YOLOv11n employs nearest-neighbor interpolation for upsampling, which is fast but often produces jagged edges and fails to recover nuanced details. We replace it with DySample, a lightweight, content-aware dynamic upsampler. DySample dynamically adjusts sampling positions based on the input feature content, allowing for precise reconstruction of edges and textures critical for small targets. Its operation can be summarized in two phases: generating a dynamic sampling point set $\mathcal{S}$ and performing the sampling. First, a base sampling grid $\mathbf{G}$ is created based on the input size and scale factor $s$. Then, offset maps $\mathbf{O}$ are generated via learnable linear layers, combining a static scaling factor (0.25) and a dynamic scaling factor learned from the input features:

$$ \mathbf{O}_{\text{static}} = 0.25 \cdot \text{Linear}(\mathbf{X}), $$
$$ \mathbf{O}_{\text{dynamic}} = 0.5 \cdot \sigma(\text{Linear}_2(\text{Linear}_1(\mathbf{X}))) \cdot \text{Linear}_1(\mathbf{X}), $$
$$ \mathbf{O} = \mathbf{O}_{\text{static}} + \mathbf{O}_{\text{dynamic}}. $$

The final sampling points are $\mathcal{S} = \mathbf{G} + \mathbf{O}$. A `grid_sample` function with bilinear interpolation then produces the upsampled feature map using $\mathcal{S}$. This adaptive mechanism allocates more sampling resources to intricate areas like small targets while simplifying sampling in homogeneous regions, enhancing detail recovery without a heavy computational burden—a vital characteristic for processing streams from China UAV drones.

3. DIFM: Dual Input Feature Merge Module

The bottleneck structure within the C3k2 module, a core feature extractor in YOLOv11n, uses residual connections to alleviate gradient vanishing. However, the simple addition in residual connections can dilute the weak features of small targets with stronger background features. We redesign this connection into a Dual Input Feature Merge (DIFM) module. The DIFM first concatenates the two input feature maps and uses a pointwise convolution for channel compression and fusion. It then processes the fused features through parallel pathways: a channel attention module (CAM) to highlight relevant channels, and a multi-scale spatial feature extraction branch employing $3\times3$, $5\times5$, and $7\times7$ depthwise convolutions followed by a spatial attention module (SAM) to emphasize target regions. The outputs from these attention-enhanced pathways are summed and projected back to the desired output dimension via another pointwise convolution. This process ensures a more refined integration of multi-scale spatial and channel-wise information, actively strengthening small target features while suppressing irrelevant background clutter commonly found in China UAV drone scenes.

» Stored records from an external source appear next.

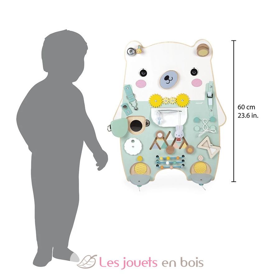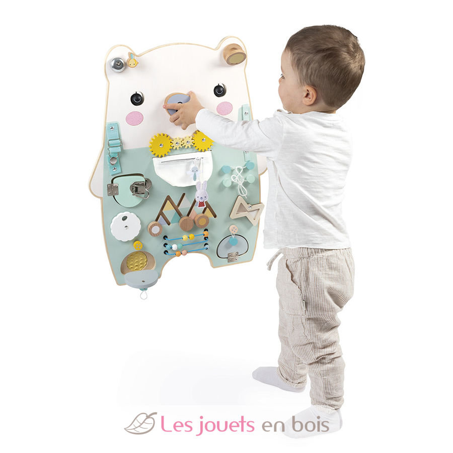 Panel de actividades Osito para colocar o fijar a la pared. Ofrece más de 20 entretenidos juegos de aprendizaje., perfecto para estimular al bebé, a partir de 18 meses.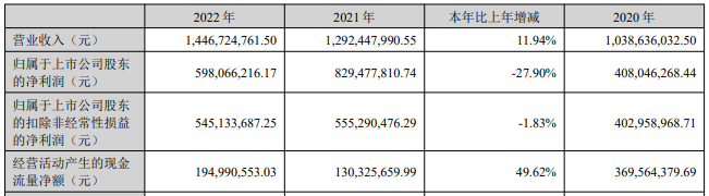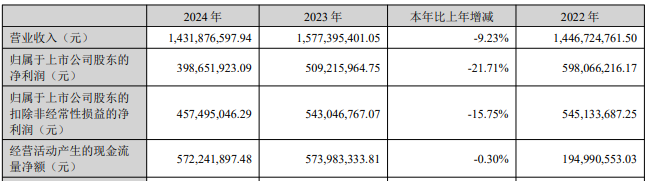 2021年至2024年,康华生物营业收入分别为12.92亿元、14.47亿元、15.77亿元、14.32亿元,归属于上市公司股东的净利润分别为8.29亿元、5.98亿元、5.09亿元、3.99亿元,归属于上市公司股东的扣除非经常性损益的净利润分别为5.55亿元、5.45亿元、5.43亿元、4.57亿元,经营活动产生的现金流量净额分别为1.30亿元、1.95亿元、5.74亿元、5.72亿元。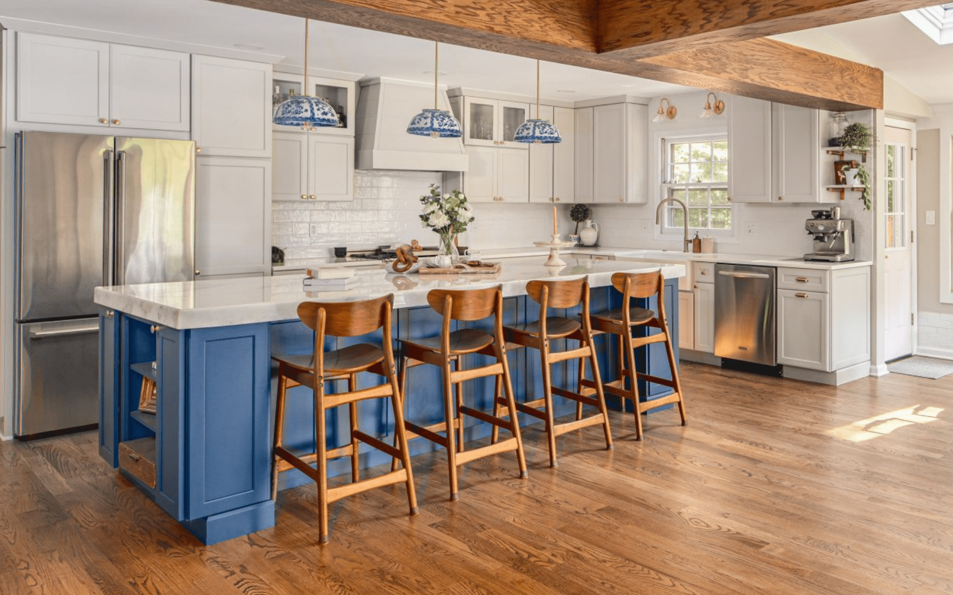 Modern families need kitchens that work overtime, and bar stools around your kitchen island deliver exactly that flexibility. Whether it’s kids doing homework, parents working from home, or casual family meals, comfy seating around your island solve so many daily challenges. We love how children naturally gravitate toward the kitchen when there’s a good spot to sit and get help with school projects. Plus, quick breakfasts and after-school snacks happen much more easily when you have casual seating that doesn’t require setting the dining room table.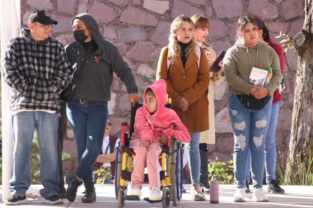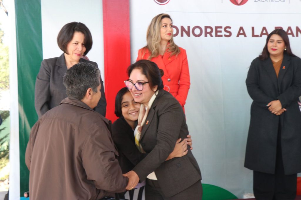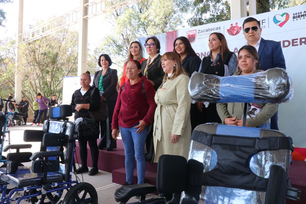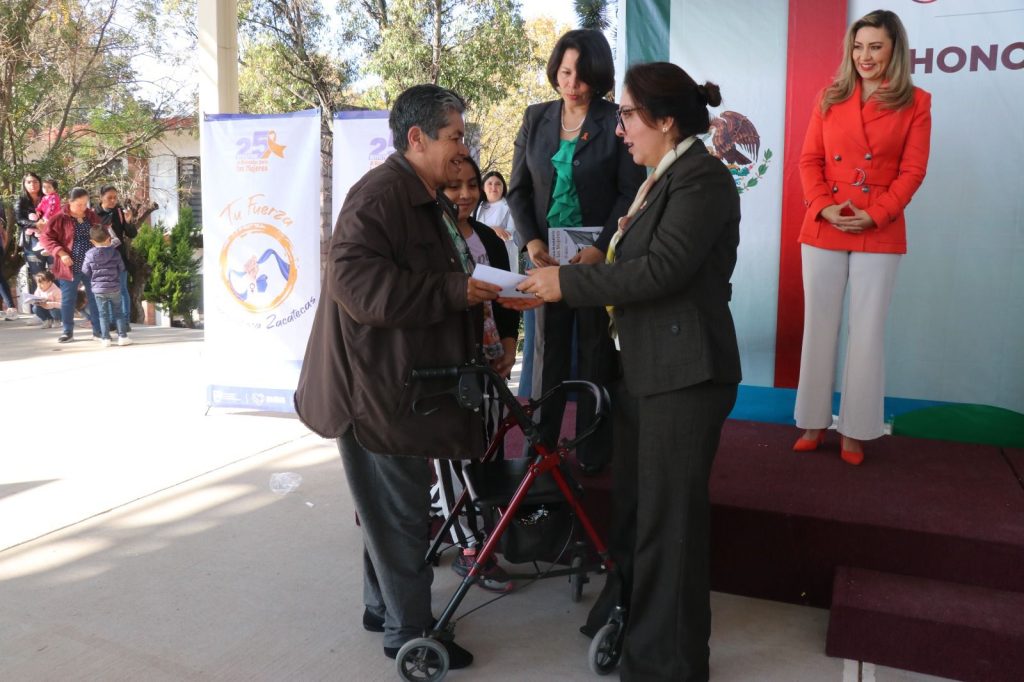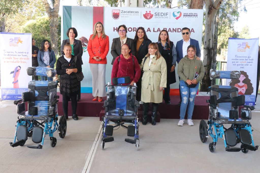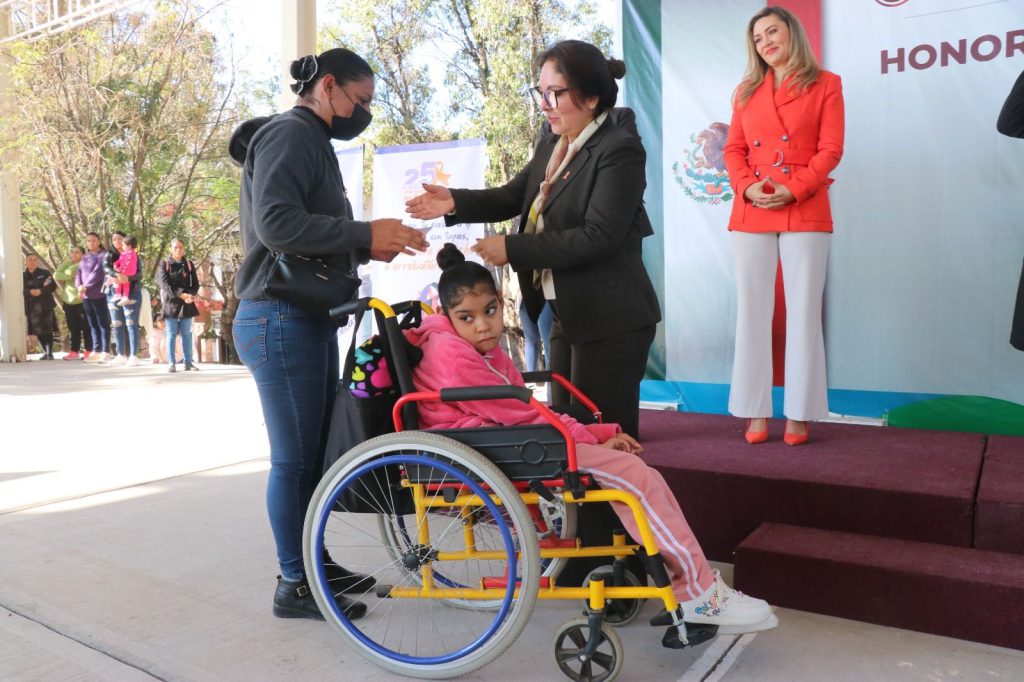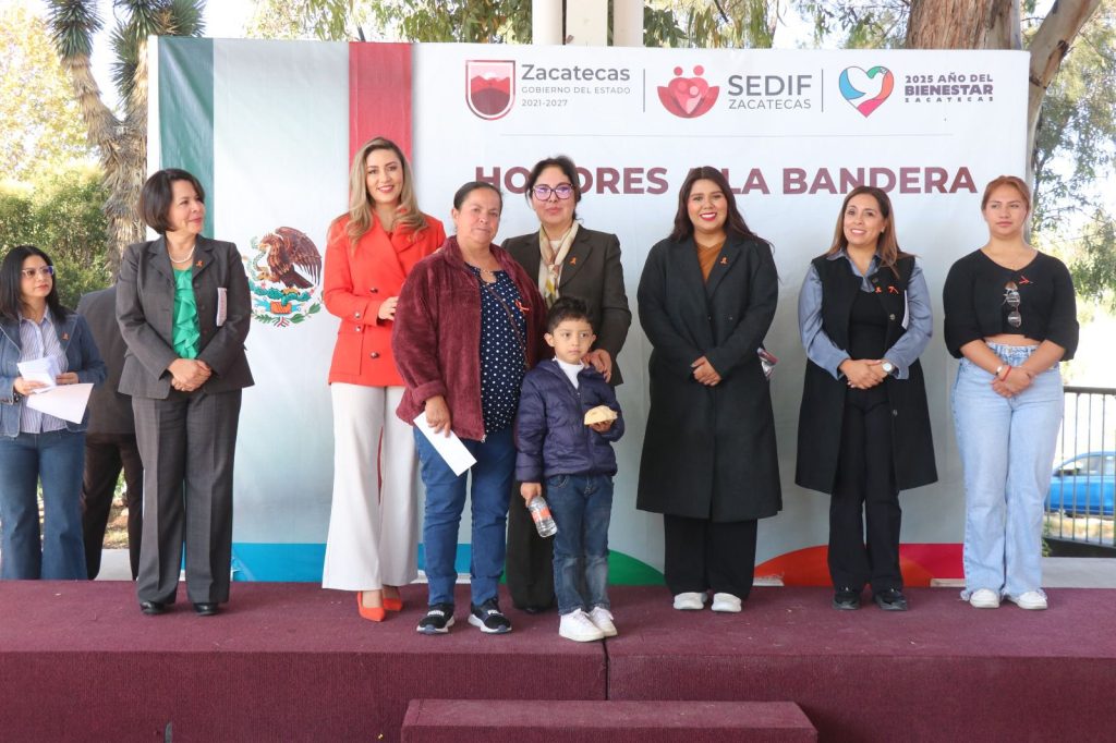 Tras la realización del acto cívico de Honores a la Bandera, la Presidenta Honorífica del Sistema Estatal para el Desarrollo Integral de la Familia (SEDIF), Sara Hernández de Monreal, encabezó la entrega de sillas de ruedas especializadas para personas con parálisis cerebral infantil, así como apoyos económicos destinados a respaldar a hogares que enfrentan condiciones de vulnerabilidad.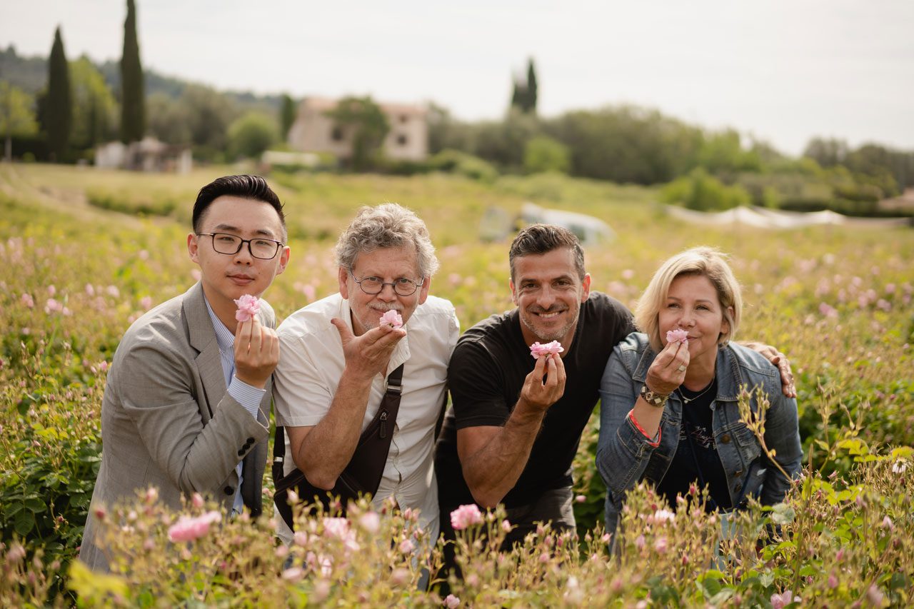 今年來自台灣的香氛考察團有幸共襄盛舉,領隊東區暖男香氛室共同創辦人何宗禧老師表示:「五月玫瑰節是格拉斯市最引以為傲的活動之一。透過香水學院的安排,讓學員們得以親手摘取珍貴的五月玫瑰,每年全世界僅有數公斤的寶貴萃取,大部分提供頂級品牌香水所使用。」
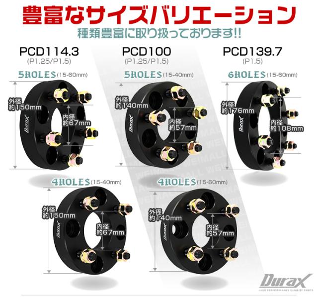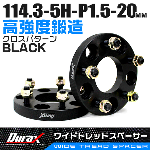 ワイドトレッドスペーサー Durax PCD114.3-5H-M12×P1.5-20mm ブラック 黒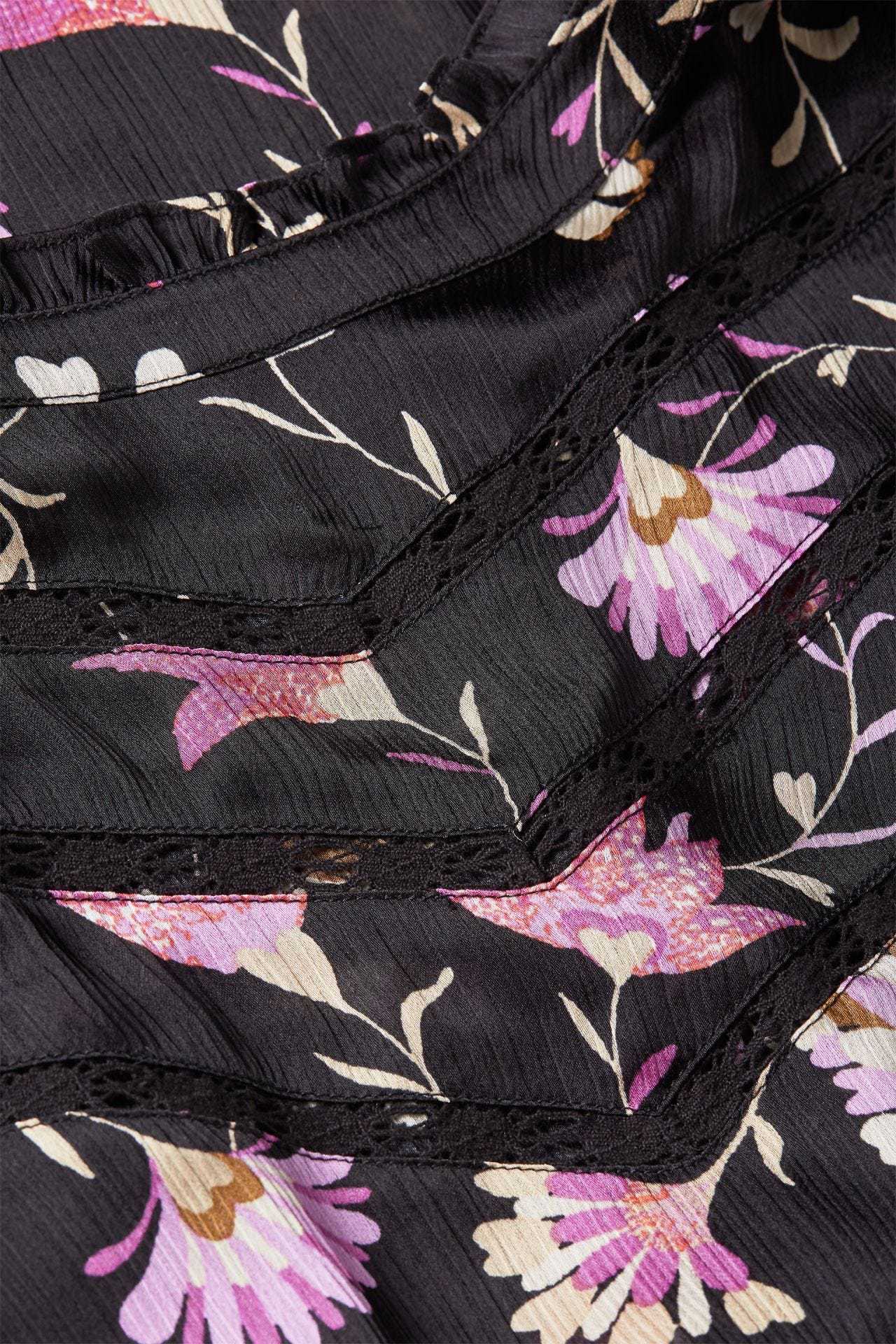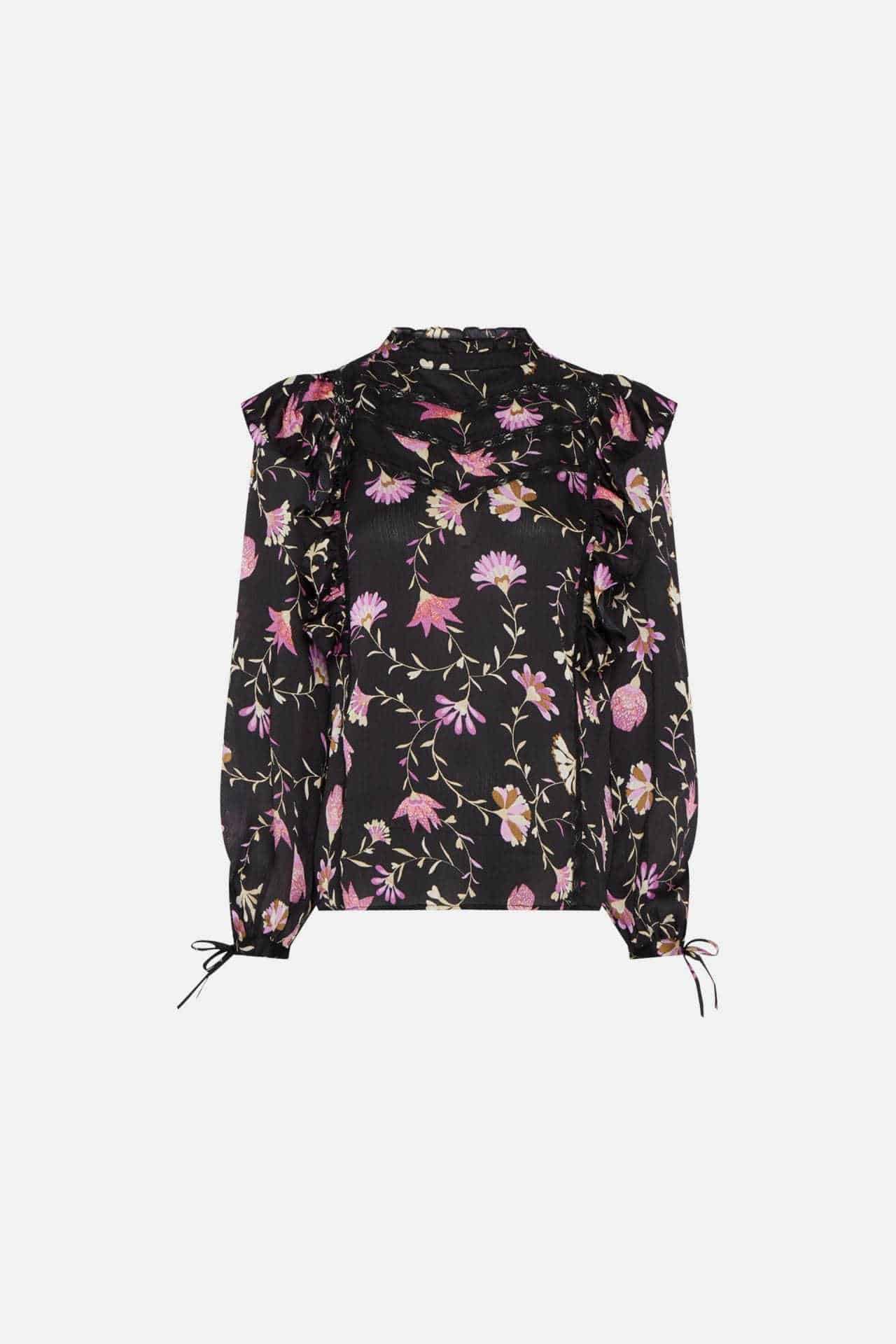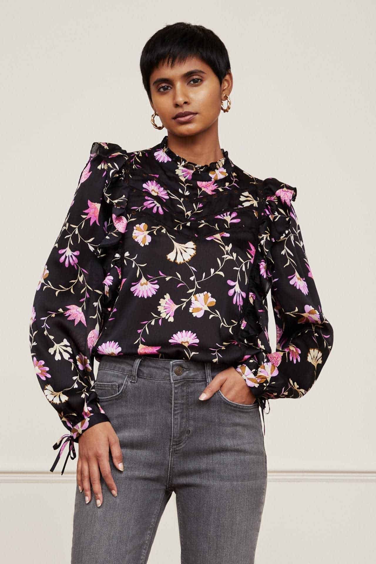The Fabienne Chapot Pomme top in black tulip is a beautiful long sleeve top that features openwork details and a tulip design all-over. The top is sustainably made from 100% recycled polyester and has feminine ruffles on the shoulders and a bow detail on the cuffs. Style this with the Good American coated classic jeans for a stylish evening look.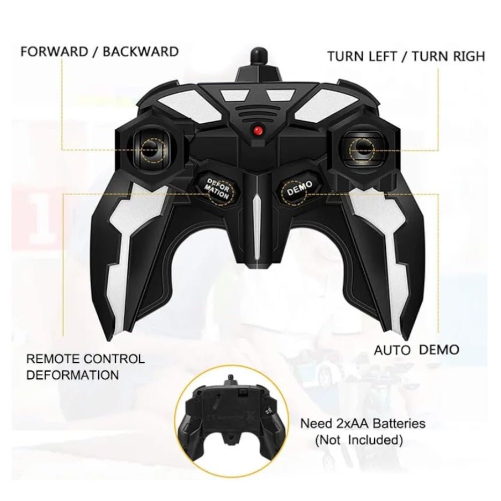 - 1x transforming car, 1x remote control, 1x USB charging cable, 1x rechargeable battery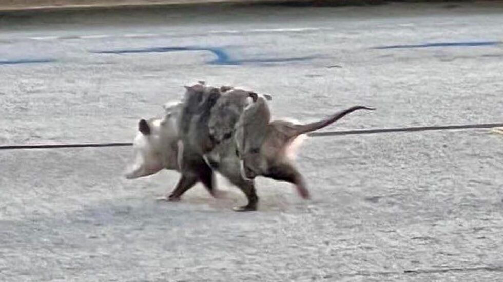 Alan Anderson was surprised June 15 to see this opossum with a back loaded with joeys (young opossums) crossing the road in Des Plaines, about half a mile west of the Des Plaines River.

4. ILFF: Inter Layer Feature Fusion Module

The backbone network produces feature maps at different depths, each carrying distinct semantic and detail information. Deeper feature maps have larger receptive fields but lower resolution, often containing too few pixels representing a small target, leading to missed detections. Shallower feature maps retain higher resolution and more fine-grained details but lack semantic strength. To harness the complementary strengths of these layers, we introduce the Inter Layer Feature Fusion (ILFF) module between the backbone and the neck network. The ILFF takes a higher-level (deeper) feature map and a lower-level (shallower) one. It upsamples the deeper map for spatial alignment, concatenates it with the shallower map, and then processes the concatenated features through sequential channel and spatial attention modules (CAM & SAM) for adaptive normalization. Finally, a pointwise convolution compresses the channels, removing redundancy. This module effectively transfers and blends semantic context from deep layers into the detail-rich shallow layers, providing the neck network with feature maps that are both semantically meaningful and rich in spatial detail, thereby significantly boosting small target detection accuracy for China UAV drone imagery.

Experiments and Analysis

Datasets: We primarily evaluate our model on the VisDrone2019-DET dataset, a large-scale benchmark collected from various urban and rural areas in China using UAV platforms, containing 10 object categories like pedestrian, car, and bicycle. It features a high density of small and极小 targets, making it ideal for validating small target detection algorithms. To assess generalization, we also test on the RSOD (aircraft, playground, etc.), DOTA (large-scale aerial images with 16 categories), and HRSC2016 (ship detection) datasets.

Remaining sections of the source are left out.